Efforts by the Australian government to combat money laundering could have a highly impact effect upon the huge revenues its reaping from foreign purchases of domestic property.
Regulators have recently come under fire for failing to adequately monitor foreign acquisitions of Australian real estate and ensure that they are in full compliance with domestic law. The property sector may already be host to far more nefarious forms of illicit activity, however, given Australia’s continued lax scrutiny of the use of real estate holdings for money-laundering purposes.
Intergovernmental anti-money laundering (AML) body the Financial Action Task Force (FATF) has just released a scathing assessment of Australia’s law enforcement and regulatory arrangements for addressing the problem of illicit, cross-border cash flows.
FATF was particularly critical of Australia’s “narrow focus” on AML risk in relation to the headline-grabbing areas of drugs, fraud, tax evasion and terrorist activity, at the expense of far greater sources of money-laundering hazard such as foreign property investment.
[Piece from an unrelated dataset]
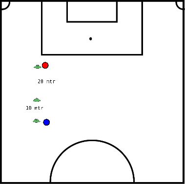 - Der blaue Spieler in der hinteren Reihe spielt den Ball diagonal zum roten Gegenspieler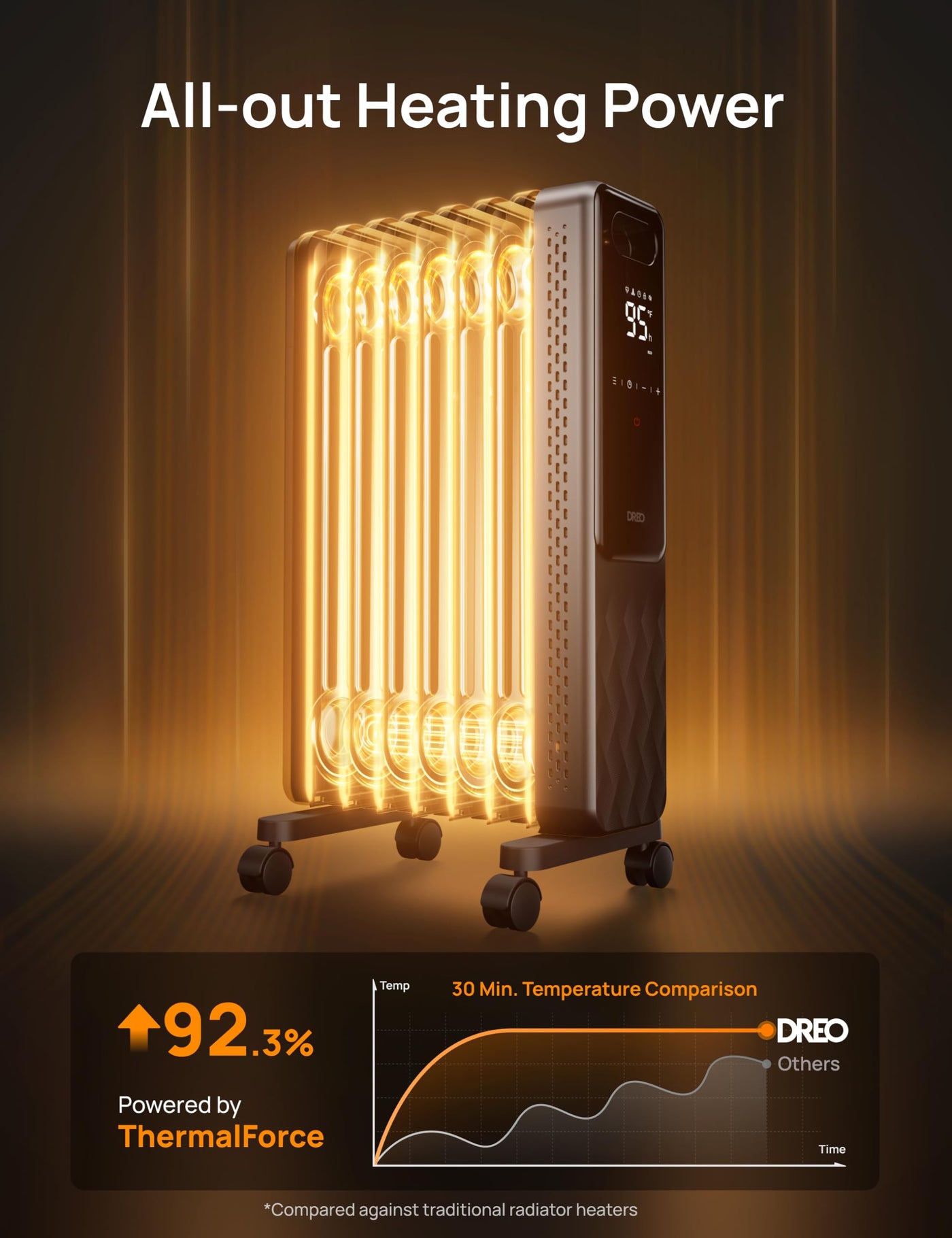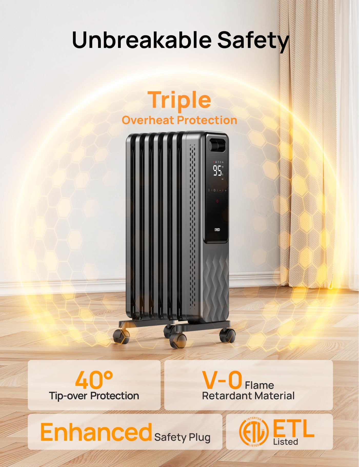 Dreo Oil Filled Radiator, Electric Radiant Heaters For Indoor Use Large Room With Remote Control, Child Lock, 4 Modes, Overheat

According to the report, Australia is at considerable risk of becoming a magnet destination for illicit proceeds from abroad that are channelled to the country by overseas nationals who “find Australia a suitable place to hold and invest funds, including in real estate.”
FATF lambasted the absence of regulatory measures for addressing the problem of overseas money laundering in Australia’s property sector. Its report notes that the government has failed to impose anti-money laundering controls – such as the obligation to report suspicious transactions – upon realtors and legal advisers, despite authorities having long identified real estate as being at high risk for money laundering activity.
The FATF report found that Australia had made only dilatory progress on AML measures overall, concluding that the country was compliant with just 24 out of 40 of its recommendations.
The Australian government may find itself in an odd quandary of conflicting interests, with the need to properly address money laundering and protect Australia’s reputation as a clean and stable jurisdiction pitted against the immense revenues that can be reaped by leaving the floodgates open to foreign investment – particularly from a resurgent Chinese economy.
Credit Suisse recently issued the forecast that $60 billion in new investment from China is set to flood Australia’s housing market over the next six years. This amount is more than twice the $28 billion spent by Chinese nationals on Australian residential property during the preceding six-year period, already raising hackles amongst those concerned by surging property prices and home affordability.
The Australian government stands to obtain huge proceeds from this surge in real estate investment hailing from the PRC, and any crackdown on money laundering has the potential to stifle a vastly lucrative source of revenues.
At the same time, it’s also heavily incumbent upon the Australian government to maintain regulatory standards or else risk the standing and health of the overall economy. A country’s reputation plays a critical role in international trade, and any diminution in Australia’s lustre as a stable and comparatively corruption-free jurisdiction has the potential to cost it billions of dollars in foreign investment.